• Your assignment: Each record that follows should be duplicated exactly, except for its pictures.

BEGIN Provided data

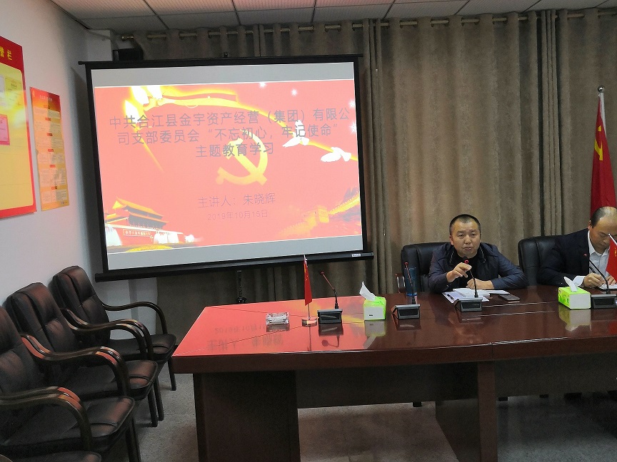 2019年10月15日合江县金宇资产经营(集团)有限公司开展“不忘初心、牢记使命”主题教育,坚持把学...
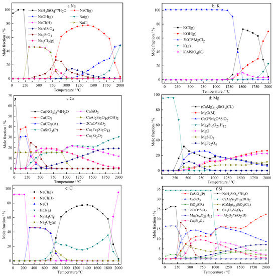Effect of incineration temperature on the migration and transformation of the major elements in ash. (a): Na, (b): K, (c): Ca, (d): Mg, (e): Cl, (f): Si. The asterisk in the chemical formula shows that the molecules or species are attached with each other as independent species, similarly hereinafter.
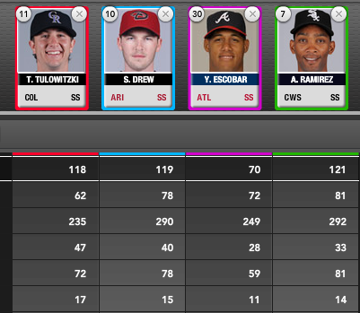 In one league, the Fantasy Lounge Roto Champs League, I’ve won two of the past three years — but my team is struggling a little right now. I drafted Alcides Escobar as my shortstop, and even though it took such a late pick that the rest of my team is reasonably strong (up to sixth from last), I’ve been struggling at shortstop and replaced Escobar with Ian Desmond recently. Someone dropped Stephen Drew the other day, though, so I immediately put in the claim for Drew, washed my hands of Desmond, and felt like my team had just gotten much better.
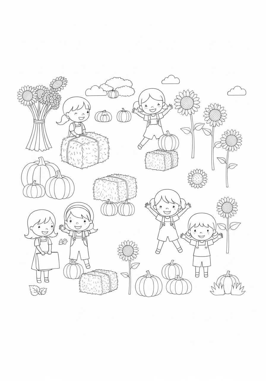 Download: Joyful Cute Harvest Time Fun Coloring Page
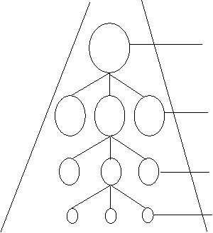 Fig. 4.2 Organigrama piramidala c) Organigrama circulara plaseaza in centrul cercului managementul de varf, urmat de restul structurilor organizatorice, plasate pe cercuri concentrice aflate la diferite distante fata de managementul de varf, in functie de nivelurile ierarhice specifice (fig. 4.3). Legenda: AGA - Adunarea Generala a Actionarilor C.A. - Consiliul de Administratie
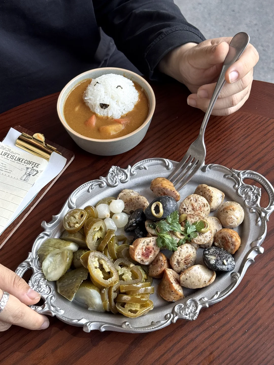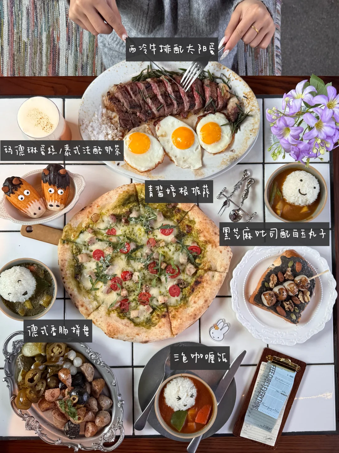 近期打卡过坠满意的一家店!就在杭钢公园里⛲️ 硬核的工业空间 随行的小火车… 超大两层独栋新店,斑驳的钢铁骨架被温柔绿意占据…随便拍拍都好出片!叫:BM矿槽餐厅📍) 青酱培根披萨一口惊艳😭薄底脆边 罗勒松子酱裹上咸香培根适口度数满分!三色咖喱饭 三种口味各有特色好香啊啊!碳水脑袋狂喜~德式香肠、西冷牛排太阳蛋…随便点点都没踩雷! 他家还有brunch、下午茶🫖、晚餐,不管是情侣约会分手还是朋友团建聚餐都很合适!
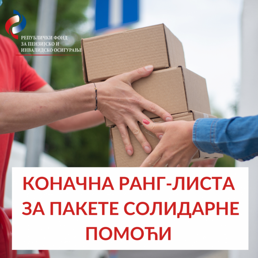Konačne rang-liste za dodelu paketa solidarne pomoći najugroženijim korisnicima penzija objavljene su na oglasnim tablama udruženja i odbora korisnika penzija i filijala Fonda PIO, navodi se u zvaničnom saopštenju.
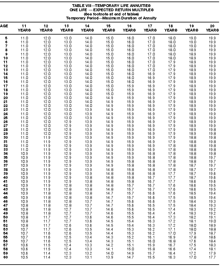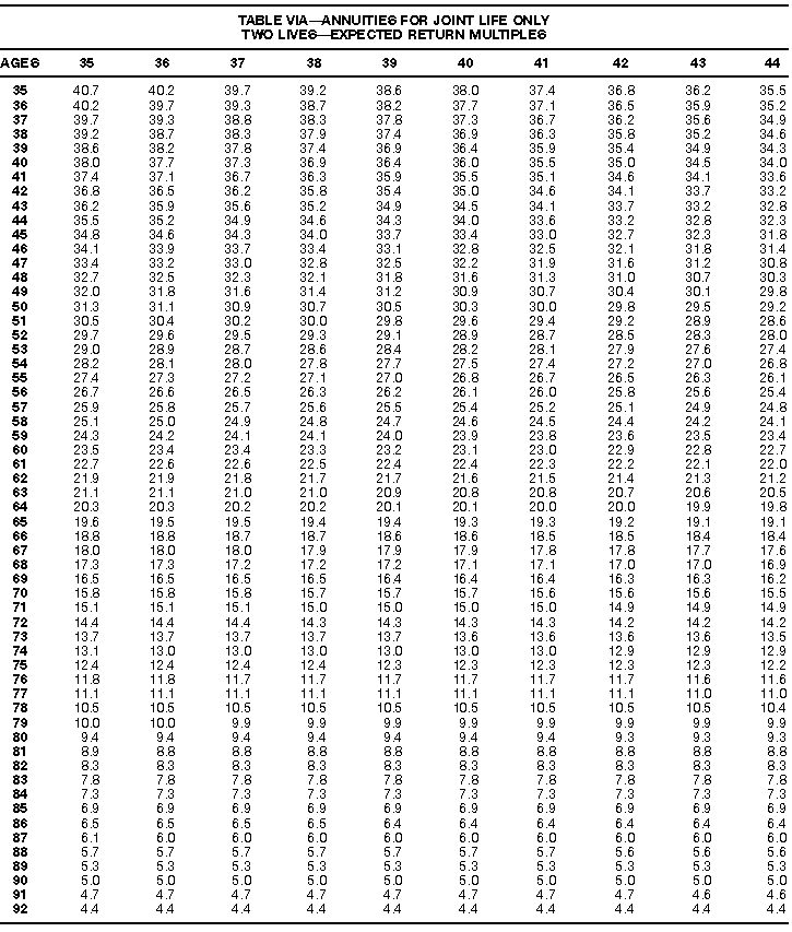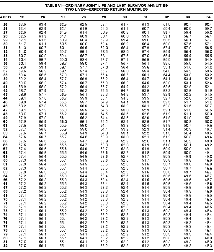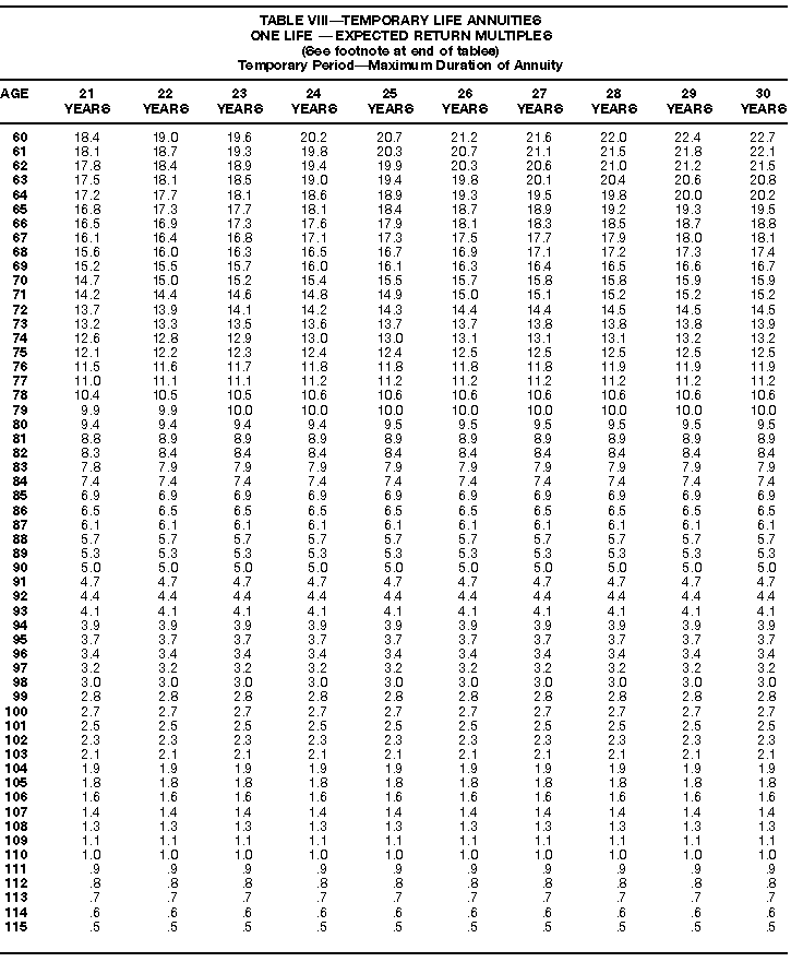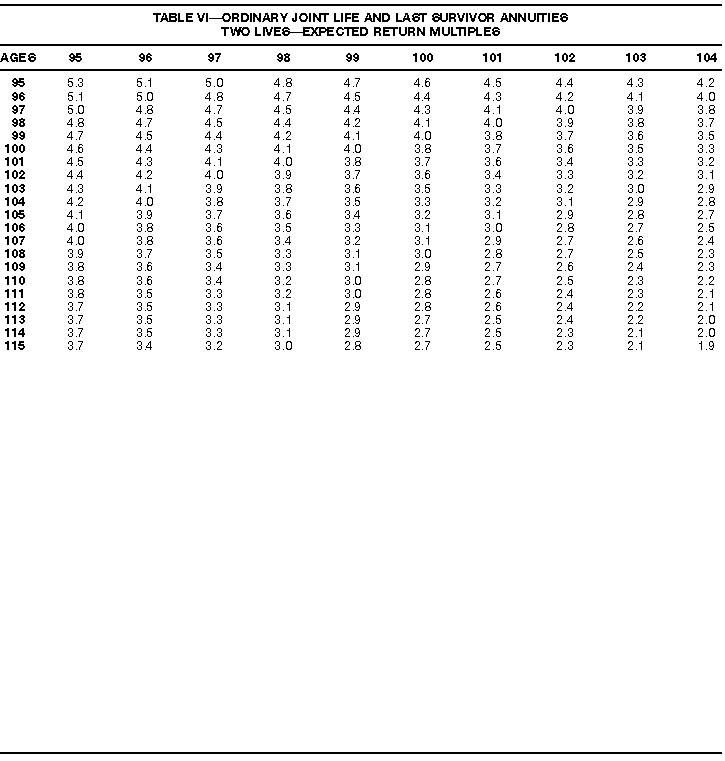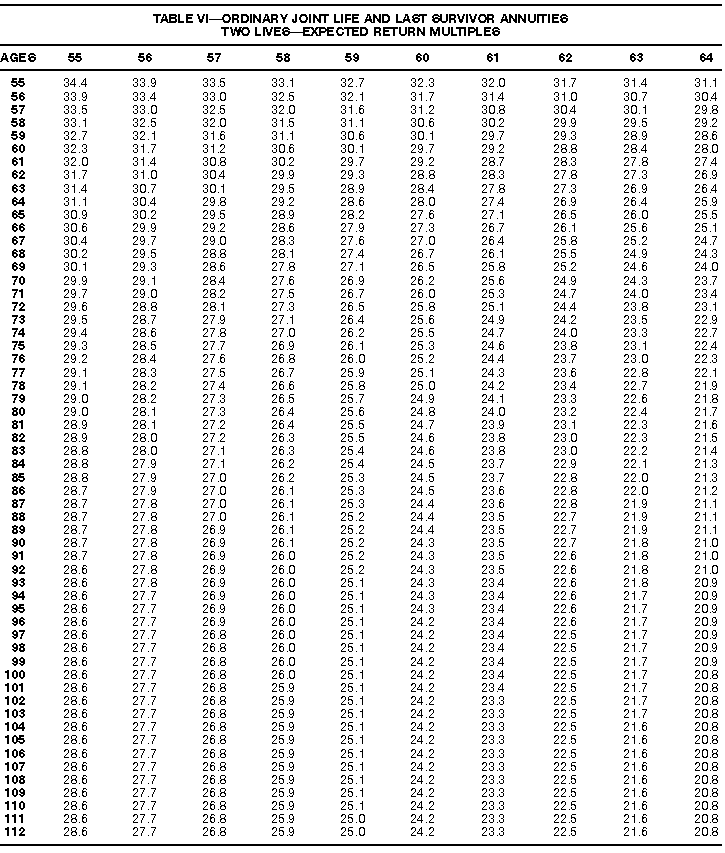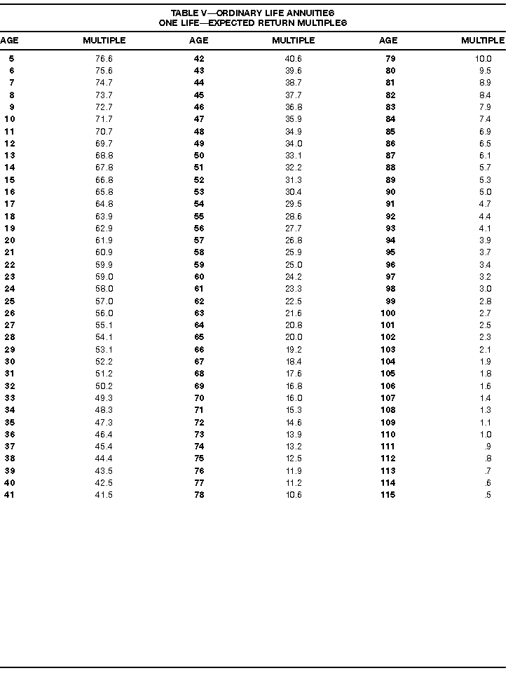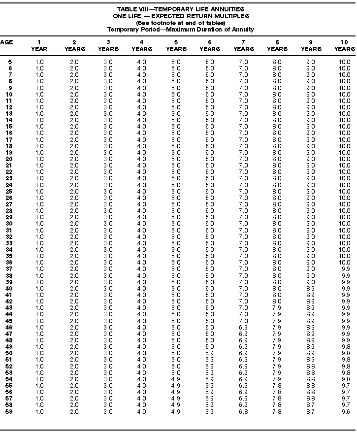 How To Use Actuarial TablesIn figuring, under the General Rule, the taxable part of your annuity payments that you are to get for the rest of your life (rather than for a fixed number of years), you must use one or more of the actuarial tables in this publication. Unisex Annuity TablesEffective July 1, 1986, the Internal Revenue Service adopted new annuity Tables V through VIII, in which your sex is not considered when determining the applicable factor. These tables correspond to the old Tables I through IV. In general, Tables V through VIII must be used if you made contributions to the retirement plan after June 30, 1986. If you made no contributions to the plan after June 30, 1986, generally you must use only Tables I through IV. However, if you received an annuity payment after June 30, 1986, you may elect to use Tables V through VIII (see Annuity received after June 30, 1986, later). Special ElectionsAlthough you generally must use Tables V through VIII if you made contributions to the retirement plan after June 30, 1986, and Tables I through IV if you made no contributions after June 30, 1986, you can make the following special elections to select which tables to use. Contributions made both before July 1986 and after June 1986. If you made contributions to the retirement plan both before July 1986 and after June 1986, you may elect to use Tables I through IV for the pre-July 1986 cost of the contract, and Tables V through VIII for the post-June 1986 cost. (See the examples below.) Making the election. Attach this statement to your income tax return for the first year in which you receive an annuity: "I elect to apply the provisions of paragraph (d) of section 1.72-6 of the Income Tax Regulations." The statement must also include your name, address, social security number, and the amount of the pre-July 1986 investment in the contract.

END Provided data

• Written solution:
 2019年10月15日合江县金宇资产经营(集团)有限公司开展“不忘初心、牢记使命”主题教育,坚持把学...
Effect of incineration temperature on the migration and transformation of the major elements in ash. (a): Na, (b): K, (c): Ca, (d): Mg, (e): Cl, (f): Si. The asterisk in the chemical formula shows that the molecules or species are attached with each other as independent species, similarly hereinafter.
 In one league, the Fantasy Lounge Roto Champs League, I’ve won two of the past three years — but my team is struggling a little right now. I drafted Alcides Escobar as my shortstop, and even though it took such a late pick that the rest of my team is reasonably strong (up to sixth from last), I’ve been struggling at shortstop and replaced Escobar with Ian Desmond recently. Someone dropped Stephen Drew the other day, though, so I immediately put in the claim for Drew, washed my hands of Desmond, and felt like my team had just gotten much better.
 Download: Joyful Cute Harvest Time Fun Coloring Page
 Fig. 4.2 Organigrama piramidala c) Organigrama circulara plaseaza in centrul cercului managementul de varf, urmat de restul structurilor organizatorice, plasate pe cercuri concentrice aflate la diferite distante fata de managementul de varf, in functie de nivelurile ierarhice specifice (fig. 4.3). Legenda: AGA - Adunarea Generala a Actionarilor C.A. - Consiliul de Administratie
 近期打卡过坠满意的一家店!就在杭钢公园里⛲️ 硬核的工业空间 随行的小火车… 超大两层独栋新店,斑驳的钢铁骨架被温柔绿意占据…随便拍拍都好出片!叫:BM矿槽餐厅📍) 青酱培根披萨一口惊艳😭薄底脆边 罗勒松子酱裹上咸香培根适口度数满分!三色咖喱饭 三种口味各有特色好香啊啊!碳水脑袋狂喜~德式香肠、西冷牛排太阳蛋…随便点点都没踩雷! 他家还有brunch、下午茶🫖、晚餐,不管是情侣约会分手还是朋友团建聚餐都很合适!
Konačne rang-liste za dodelu paketa solidarne pomoći najugroženijim korisnicima penzija objavljene su na oglasnim tablama udruženja i odbora korisnika penzija i filijala Fonda PIO, navodi se u zvaničnom saopštenju.
 How To Use Actuarial TablesIn figuring, under the General Rule, the taxable part of your annuity payments that you are to get for the rest of your life (rather than for a fixed number of years), you must use one or more of the actuarial tables in this publication. Unisex Annuity TablesEffective July 1, 1986, the Internal Revenue Service adopted new annuity Tables V through VIII, in which your sex is not considered when determining the applicable factor. These tables correspond to the old Tables I through IV. In general, Tables V through VIII must be used if you made contributions to the retirement plan after June 30, 1986. If you made no contributions to the plan after June 30, 1986, generally you must use only Tables I through IV. However, if you received an annuity payment after June 30, 1986, you may elect to use Tables V through VIII (see Annuity received after June 30, 1986, later). Special ElectionsAlthough you generally must use Tables V through VIII if you made contributions to the retirement plan after June 30, 1986, and Tables I through IV if you made no contributions after June 30, 1986, you can make the following special elections to select which tables to use. Contributions made both before July 1986 and after June 1986. If you made contributions to the retirement plan both before July 1986 and after June 1986, you may elect to use Tables I through IV for the pre-July 1986 cost of the contract, and Tables V through VIII for the post-June 1986 cost. (See the examples below.) Making the election. Attach this statement to your income tax return for the first year in which you receive an annuity: "I elect to apply the provisions of paragraph (d) of section 1.72-6 of the Income Tax Regulations." The statement must also include your name, address, social security number, and the amount of the pre-July 1986 investment in the contract.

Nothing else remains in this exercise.